Shown below is a listing with pictures; reproduce exactly, and only, the lines between the ones containing "Также отстранение Доманского" and "26, 2025ประชาสัมพันธ์ประชาสัมพันธ์, รับสมัครงาน", inclusive, leaving the pictures out.

+++ EXTRACTED RECORDS +++

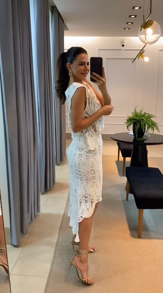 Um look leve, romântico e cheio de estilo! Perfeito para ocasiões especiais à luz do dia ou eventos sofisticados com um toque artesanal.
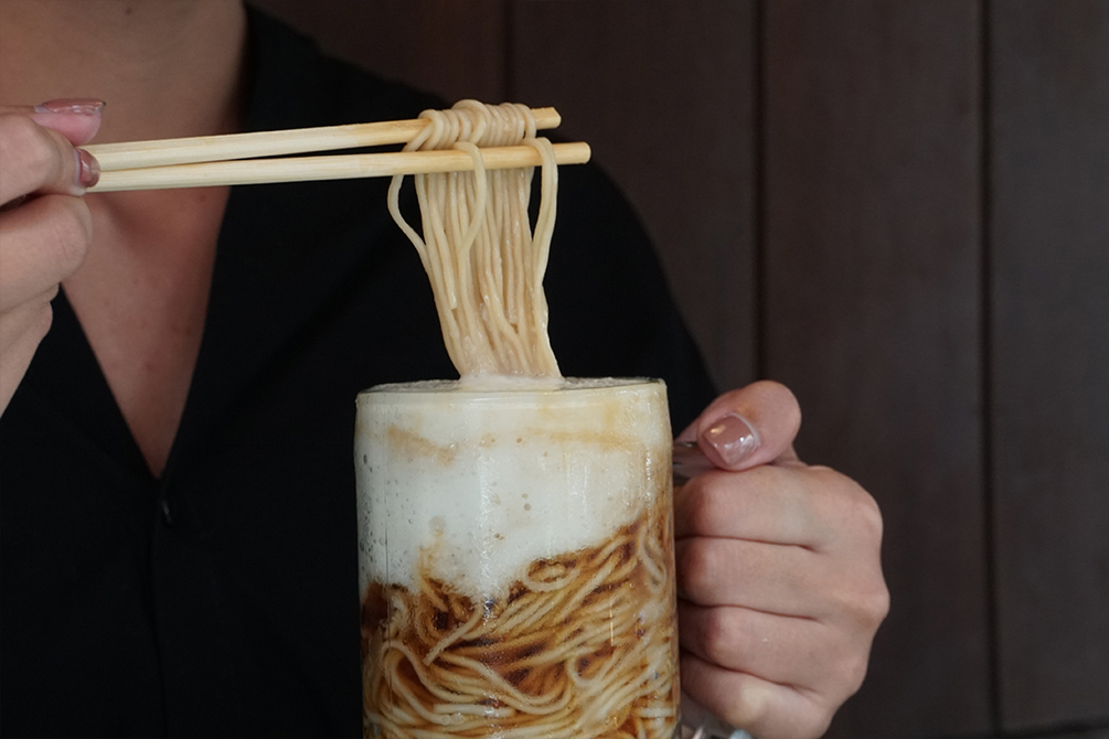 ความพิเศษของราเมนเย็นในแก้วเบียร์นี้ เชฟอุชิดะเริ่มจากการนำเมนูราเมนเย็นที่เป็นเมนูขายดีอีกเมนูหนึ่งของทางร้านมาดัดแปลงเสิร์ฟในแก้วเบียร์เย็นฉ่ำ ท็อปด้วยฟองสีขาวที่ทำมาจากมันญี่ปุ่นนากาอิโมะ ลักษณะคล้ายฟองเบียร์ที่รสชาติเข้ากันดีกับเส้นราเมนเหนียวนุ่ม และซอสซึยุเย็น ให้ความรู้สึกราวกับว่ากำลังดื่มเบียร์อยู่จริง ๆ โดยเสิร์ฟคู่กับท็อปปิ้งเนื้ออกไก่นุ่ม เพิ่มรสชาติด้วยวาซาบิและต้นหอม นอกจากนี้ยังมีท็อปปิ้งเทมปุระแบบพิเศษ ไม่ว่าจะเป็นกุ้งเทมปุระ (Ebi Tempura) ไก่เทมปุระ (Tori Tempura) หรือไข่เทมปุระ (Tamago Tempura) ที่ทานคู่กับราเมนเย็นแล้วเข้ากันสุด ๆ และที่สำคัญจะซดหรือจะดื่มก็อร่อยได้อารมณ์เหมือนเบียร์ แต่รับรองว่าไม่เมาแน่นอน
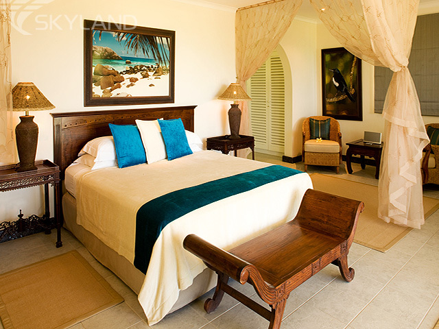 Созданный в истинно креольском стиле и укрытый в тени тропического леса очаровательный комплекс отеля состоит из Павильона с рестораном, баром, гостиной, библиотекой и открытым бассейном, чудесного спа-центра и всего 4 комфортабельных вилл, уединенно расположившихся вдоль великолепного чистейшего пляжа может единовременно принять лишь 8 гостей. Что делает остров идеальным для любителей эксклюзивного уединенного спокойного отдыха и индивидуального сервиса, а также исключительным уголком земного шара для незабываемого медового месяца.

+++
+++ EXTRACTED RECORDS +++

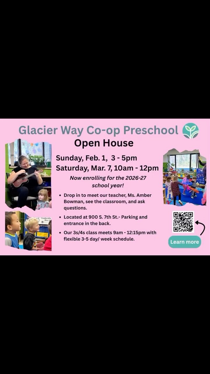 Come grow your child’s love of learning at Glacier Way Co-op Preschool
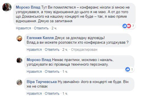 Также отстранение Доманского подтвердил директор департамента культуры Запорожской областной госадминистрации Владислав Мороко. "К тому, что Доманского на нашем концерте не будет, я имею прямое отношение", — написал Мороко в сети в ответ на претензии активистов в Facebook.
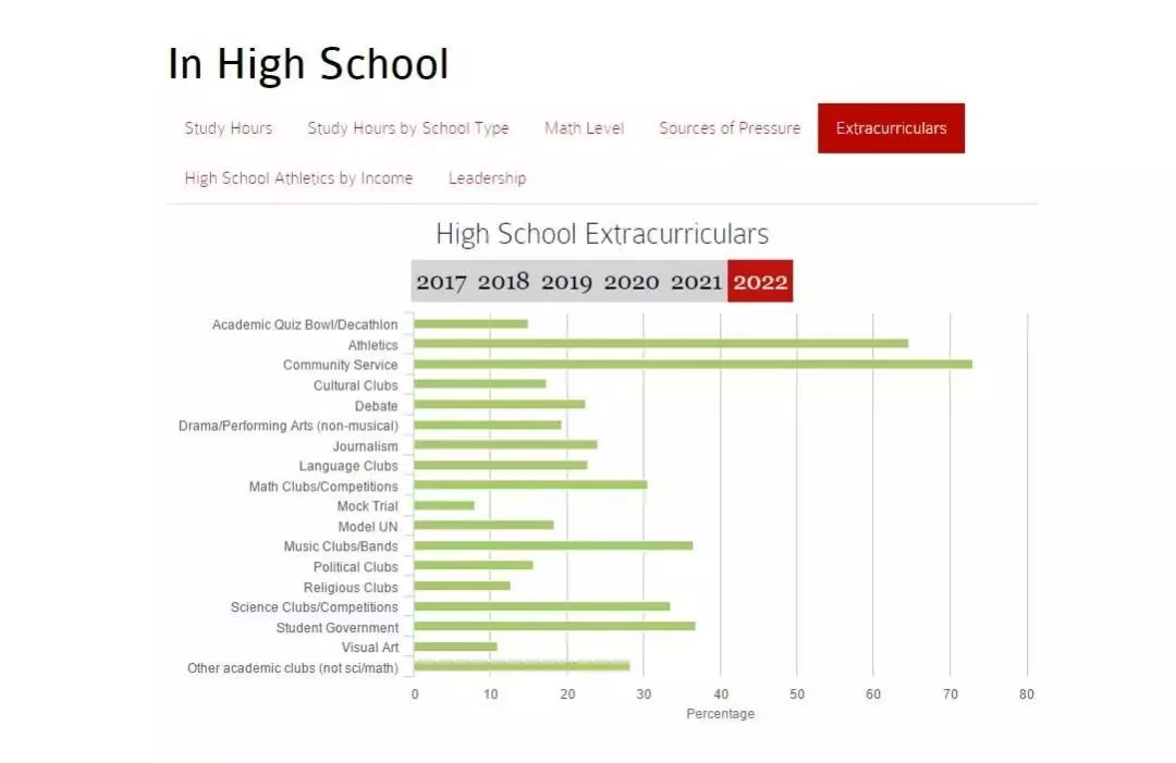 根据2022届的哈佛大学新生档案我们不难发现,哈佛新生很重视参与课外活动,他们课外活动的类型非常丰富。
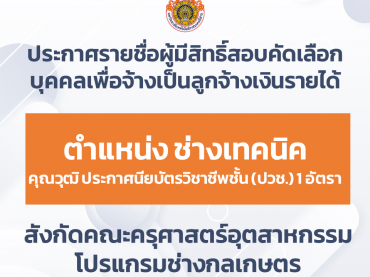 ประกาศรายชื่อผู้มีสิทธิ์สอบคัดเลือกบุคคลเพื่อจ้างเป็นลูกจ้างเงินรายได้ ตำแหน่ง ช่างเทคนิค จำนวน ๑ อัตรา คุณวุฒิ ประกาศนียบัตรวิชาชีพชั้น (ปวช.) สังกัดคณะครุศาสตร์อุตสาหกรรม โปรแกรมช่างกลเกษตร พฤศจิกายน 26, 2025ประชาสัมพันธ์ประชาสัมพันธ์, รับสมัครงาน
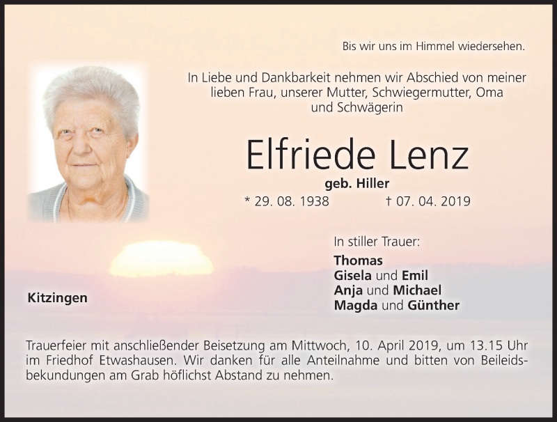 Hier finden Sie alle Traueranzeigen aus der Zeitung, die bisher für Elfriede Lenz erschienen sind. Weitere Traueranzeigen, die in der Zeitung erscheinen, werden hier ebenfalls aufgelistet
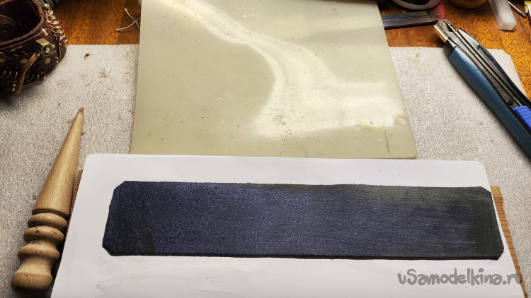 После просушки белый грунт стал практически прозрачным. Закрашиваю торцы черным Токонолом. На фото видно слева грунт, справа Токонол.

+++

## RESULT OF THE TASK
 Также отстранение Доманского подтвердил директор департамента культуры Запорожской областной госадминистрации Владислав Мороко. "К тому, что Доманского на нашем концерте не будет, я имею прямое отношение", — написал Мороко в сети в ответ на претензии активистов в Facebook.
 根据2022届的哈佛大学新生档案我们不难发现,哈佛新生很重视参与课外活动,他们课外活动的类型非常丰富。
 ประกาศรายชื่อผู้มีสิทธิ์สอบคัดเลือกบุคคลเพื่อจ้างเป็นลูกจ้างเงินรายได้ ตำแหน่ง ช่างเทคนิค จำนวน ๑ อัตรา คุณวุฒิ ประกาศนียบัตรวิชาชีพชั้น (ปวช.) สังกัดคณะครุศาสตร์อุตสาหกรรม โปรแกรมช่างกลเกษตร พฤศจิกายน 26, 2025ประชาสัมพันธ์ประชาสัมพันธ์, รับสมัครงาน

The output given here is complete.